**DATASET EXTRACT**
=== Begin Enclosure ===
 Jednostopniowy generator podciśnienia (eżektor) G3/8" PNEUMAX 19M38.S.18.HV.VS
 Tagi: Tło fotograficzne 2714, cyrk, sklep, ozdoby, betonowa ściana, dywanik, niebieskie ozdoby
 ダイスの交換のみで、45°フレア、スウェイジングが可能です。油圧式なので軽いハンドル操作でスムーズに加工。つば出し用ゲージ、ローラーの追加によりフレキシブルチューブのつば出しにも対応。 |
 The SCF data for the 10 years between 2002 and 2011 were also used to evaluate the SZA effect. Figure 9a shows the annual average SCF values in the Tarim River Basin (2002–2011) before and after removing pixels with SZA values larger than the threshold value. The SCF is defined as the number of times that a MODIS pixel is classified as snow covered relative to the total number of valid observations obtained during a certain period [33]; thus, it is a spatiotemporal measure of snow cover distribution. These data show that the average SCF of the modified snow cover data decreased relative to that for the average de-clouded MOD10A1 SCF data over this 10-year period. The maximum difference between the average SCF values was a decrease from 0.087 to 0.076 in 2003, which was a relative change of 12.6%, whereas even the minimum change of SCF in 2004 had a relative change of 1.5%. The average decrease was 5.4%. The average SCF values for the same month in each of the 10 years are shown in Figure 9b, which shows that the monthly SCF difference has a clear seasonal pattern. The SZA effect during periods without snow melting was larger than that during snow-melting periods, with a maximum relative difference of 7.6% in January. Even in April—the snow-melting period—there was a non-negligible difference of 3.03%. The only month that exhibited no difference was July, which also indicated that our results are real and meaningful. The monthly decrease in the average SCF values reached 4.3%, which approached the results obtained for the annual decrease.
=== End Enclosure ===
=== Begin Enclosure ===
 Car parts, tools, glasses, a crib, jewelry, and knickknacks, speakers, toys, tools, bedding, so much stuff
=== End Enclosure ===
**WORK ITEM**
In the entries above, please find the line with "Tagi: Tło fotograficzne" and the line with "ダイスの交換のみで、45°フ", then write out exactly those two lines and every line between them, and nothing more.

**WRITTEN SOLUTION**
 Tagi: Tło fotograficzne 2714, cyrk, sklep, ozdoby, betonowa ściana, dywanik, niebieskie ozdoby
 ダイスの交換のみで、45°フレア、スウェイジングが可能です。油圧式なので軽いハンドル操作でスムーズに加工。つば出し用ゲージ、ローラーの追加によりフレキシブルチューブのつば出しにも対応。 |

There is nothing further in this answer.